Once "以下为国际港务区投资金额在20亿以上的部分项目" turns up in a line below, reproduce that line and those after it exactly, stopping after the line with "This 1920 Avery"; leave pictures out.

▶ _DATA SUPPLIED_:
=== Section Start ===

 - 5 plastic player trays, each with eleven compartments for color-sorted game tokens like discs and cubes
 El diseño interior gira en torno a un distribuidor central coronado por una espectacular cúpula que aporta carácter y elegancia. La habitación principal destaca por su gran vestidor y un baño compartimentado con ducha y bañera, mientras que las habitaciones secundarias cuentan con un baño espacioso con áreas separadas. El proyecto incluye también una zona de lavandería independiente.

=== Section End ===
=== Section Start ===

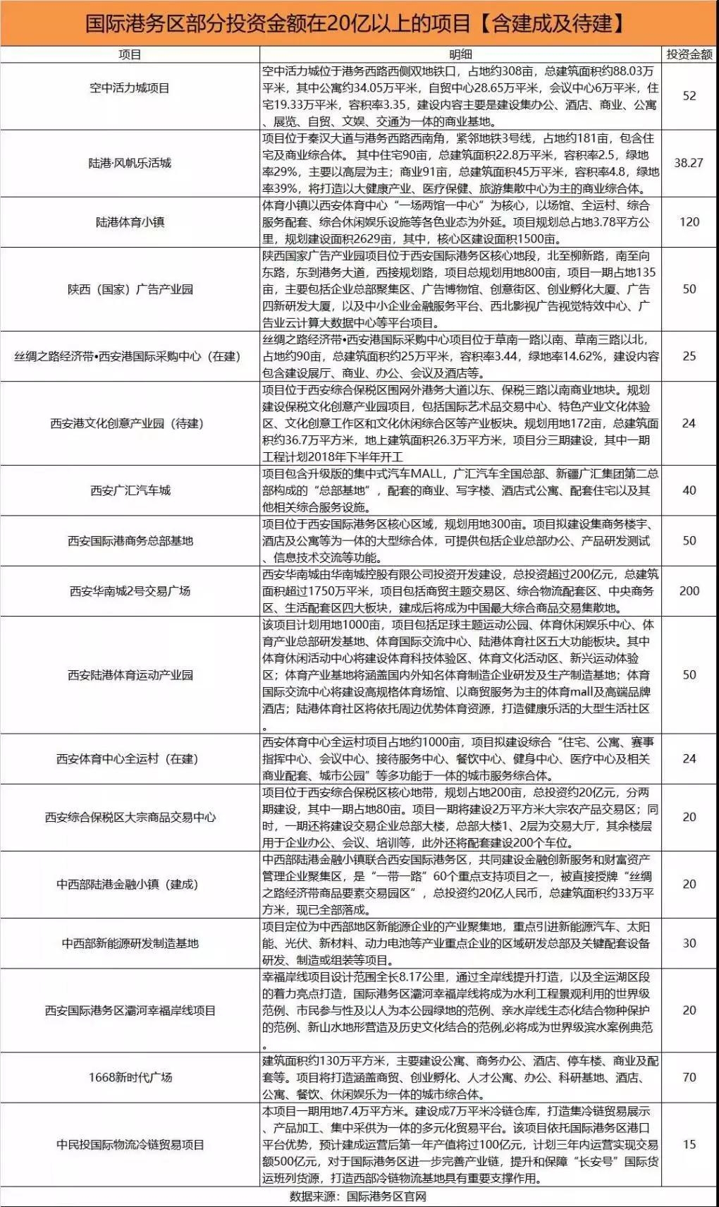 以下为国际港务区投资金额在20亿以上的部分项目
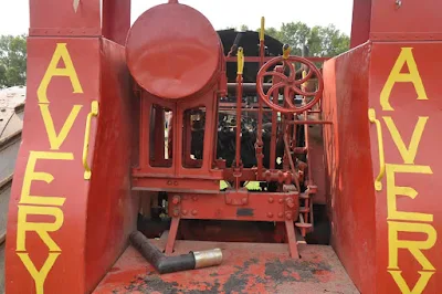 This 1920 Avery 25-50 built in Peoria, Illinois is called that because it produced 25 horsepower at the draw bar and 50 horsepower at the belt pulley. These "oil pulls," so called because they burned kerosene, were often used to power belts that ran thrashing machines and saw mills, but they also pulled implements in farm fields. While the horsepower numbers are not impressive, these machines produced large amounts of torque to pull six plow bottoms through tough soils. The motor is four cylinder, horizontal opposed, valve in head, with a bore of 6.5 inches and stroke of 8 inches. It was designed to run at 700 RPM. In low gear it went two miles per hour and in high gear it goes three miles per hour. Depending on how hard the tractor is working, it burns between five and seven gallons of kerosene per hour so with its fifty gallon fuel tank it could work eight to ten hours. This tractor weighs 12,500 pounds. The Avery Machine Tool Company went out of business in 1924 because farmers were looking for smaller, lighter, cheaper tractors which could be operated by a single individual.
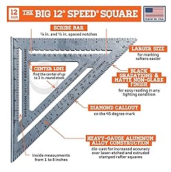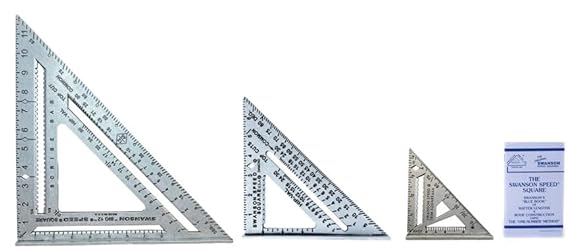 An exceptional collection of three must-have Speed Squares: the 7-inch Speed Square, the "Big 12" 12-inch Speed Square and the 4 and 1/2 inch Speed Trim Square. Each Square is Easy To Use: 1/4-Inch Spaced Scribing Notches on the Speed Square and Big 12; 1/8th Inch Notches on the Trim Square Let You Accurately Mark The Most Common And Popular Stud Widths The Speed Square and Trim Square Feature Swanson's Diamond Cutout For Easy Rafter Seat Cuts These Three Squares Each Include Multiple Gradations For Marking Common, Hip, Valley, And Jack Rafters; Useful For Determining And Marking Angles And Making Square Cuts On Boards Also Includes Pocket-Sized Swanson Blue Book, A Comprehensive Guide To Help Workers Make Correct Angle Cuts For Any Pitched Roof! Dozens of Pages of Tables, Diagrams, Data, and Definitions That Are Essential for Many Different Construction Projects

=== Section End ===

▶ _EXPECTED OUTPUT_:
 以下为国际港务区投资金额在20亿以上的部分项目
 This 1920 Avery 25-50 built in Peoria, Illinois is called that because it produced 25 horsepower at the draw bar and 50 horsepower at the belt pulley. These "oil pulls," so called because they burned kerosene, were often used to power belts that ran thrashing machines and saw mills, but they also pulled implements in farm fields. While the horsepower numbers are not impressive, these machines produced large amounts of torque to pull six plow bottoms through tough soils. The motor is four cylinder, horizontal opposed, valve in head, with a bore of 6.5 inches and stroke of 8 inches. It was designed to run at 700 RPM. In low gear it went two miles per hour and in high gear it goes three miles per hour. Depending on how hard the tractor is working, it burns between five and seven gallons of kerosene per hour so with its fifty gallon fuel tank it could work eight to ten hours. This tractor weighs 12,500 pounds. The Avery Machine Tool Company went out of business in 1924 because farmers were looking for smaller, lighter, cheaper tractors which could be operated by a single individual.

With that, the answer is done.